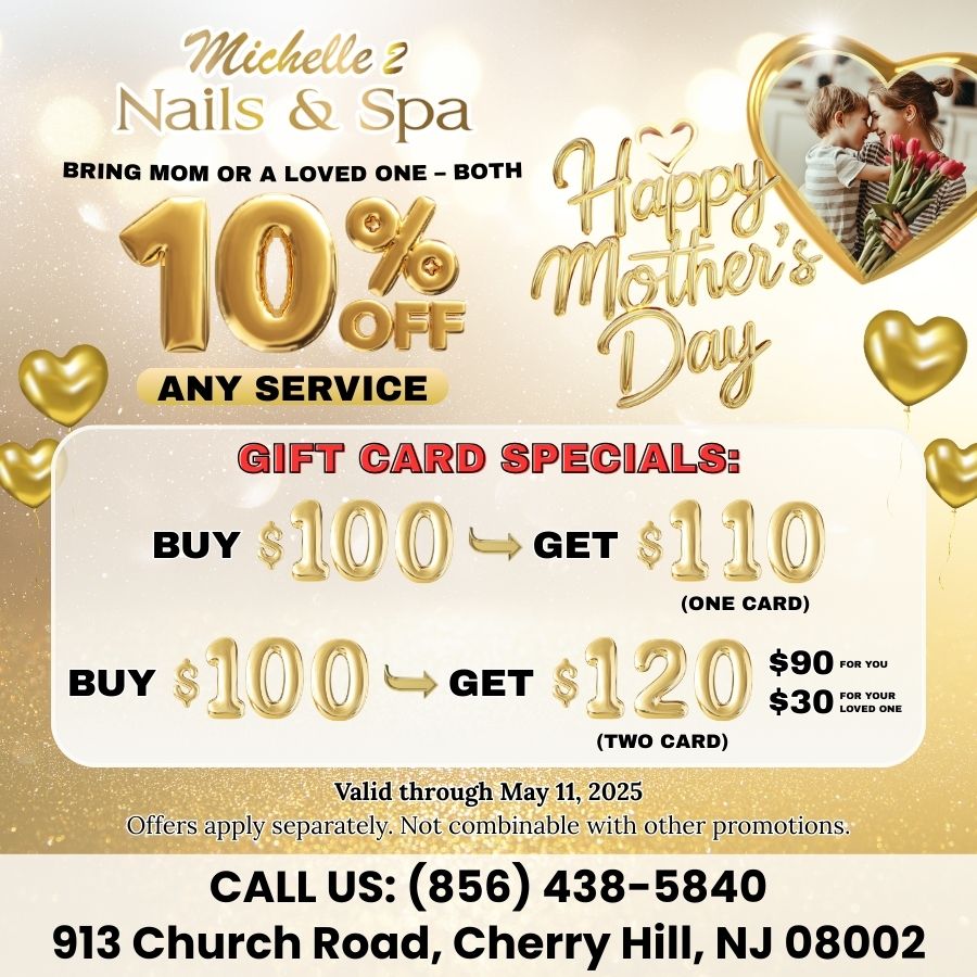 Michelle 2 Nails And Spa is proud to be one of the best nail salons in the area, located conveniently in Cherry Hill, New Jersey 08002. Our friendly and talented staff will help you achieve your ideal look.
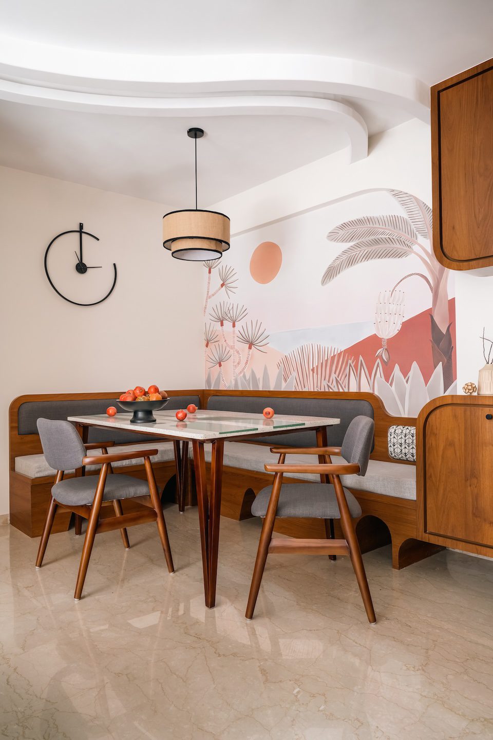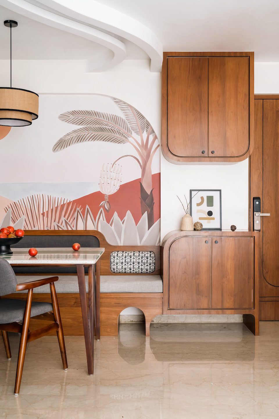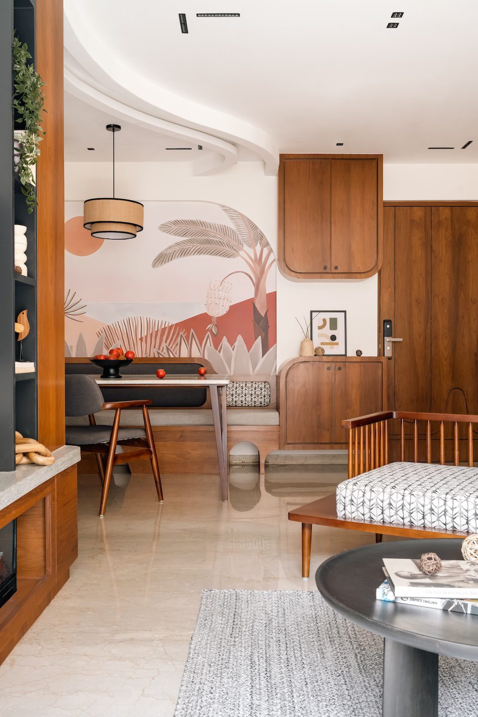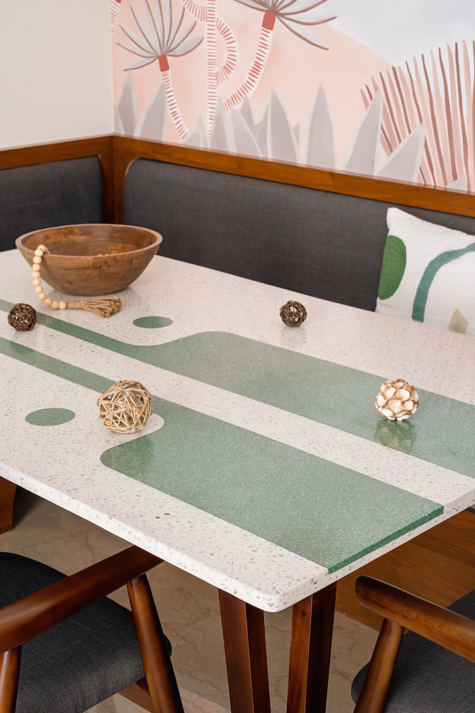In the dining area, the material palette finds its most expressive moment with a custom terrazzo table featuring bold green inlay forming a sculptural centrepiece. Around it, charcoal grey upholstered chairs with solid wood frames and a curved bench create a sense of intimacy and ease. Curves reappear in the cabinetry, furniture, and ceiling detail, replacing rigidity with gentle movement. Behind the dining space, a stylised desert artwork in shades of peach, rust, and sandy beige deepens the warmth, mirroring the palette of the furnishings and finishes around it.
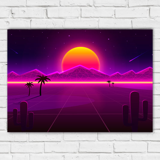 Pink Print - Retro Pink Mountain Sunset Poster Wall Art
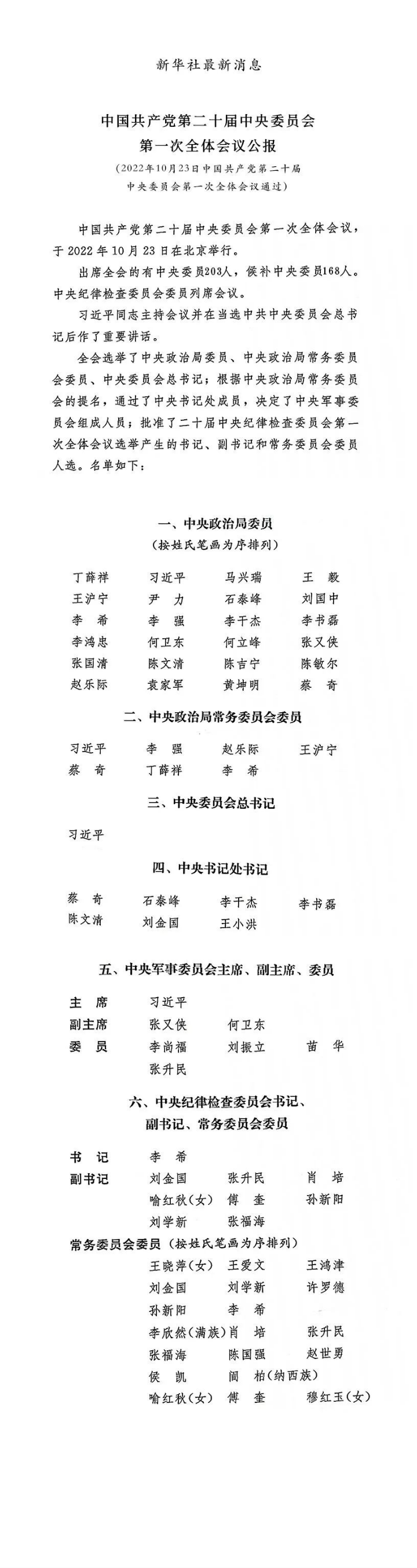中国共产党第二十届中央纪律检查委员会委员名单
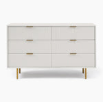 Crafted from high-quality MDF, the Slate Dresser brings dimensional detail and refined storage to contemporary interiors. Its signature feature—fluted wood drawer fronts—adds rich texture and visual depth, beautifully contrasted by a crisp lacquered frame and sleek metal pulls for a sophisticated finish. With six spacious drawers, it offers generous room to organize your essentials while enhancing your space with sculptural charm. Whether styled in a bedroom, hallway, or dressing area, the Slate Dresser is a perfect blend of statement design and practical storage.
################
→ **EXERCISE INSTRUCTIONS**
Exactly as written above, print every record, and keep the pictures out.

→ **YOUR RESPONSE**
 Michelle 2 Nails And Spa is proud to be one of the best nail salons in the area, located conveniently in Cherry Hill, New Jersey 08002. Our friendly and talented staff will help you achieve your ideal look.
In the dining area, the material palette finds its most expressive moment with a custom terrazzo table featuring bold green inlay forming a sculptural centrepiece. Around it, charcoal grey upholstered chairs with solid wood frames and a curved bench create a sense of intimacy and ease. Curves reappear in the cabinetry, furniture, and ceiling detail, replacing rigidity with gentle movement. Behind the dining space, a stylised desert artwork in shades of peach, rust, and sandy beige deepens the warmth, mirroring the palette of the furnishings and finishes around it.
 Pink Print - Retro Pink Mountain Sunset Poster Wall Art
中国共产党第二十届中央纪律检查委员会委员名单
 Crafted from high-quality MDF, the Slate Dresser brings dimensional detail and refined storage to contemporary interiors. Its signature feature—fluted wood drawer fronts—adds rich texture and visual depth, beautifully contrasted by a crisp lacquered frame and sleek metal pulls for a sophisticated finish. With six spacious drawers, it offers generous room to organize your essentials while enhancing your space with sculptural charm. Whether styled in a bedroom, hallway, or dressing area, the Slate Dresser is a perfect blend of statement design and practical storage.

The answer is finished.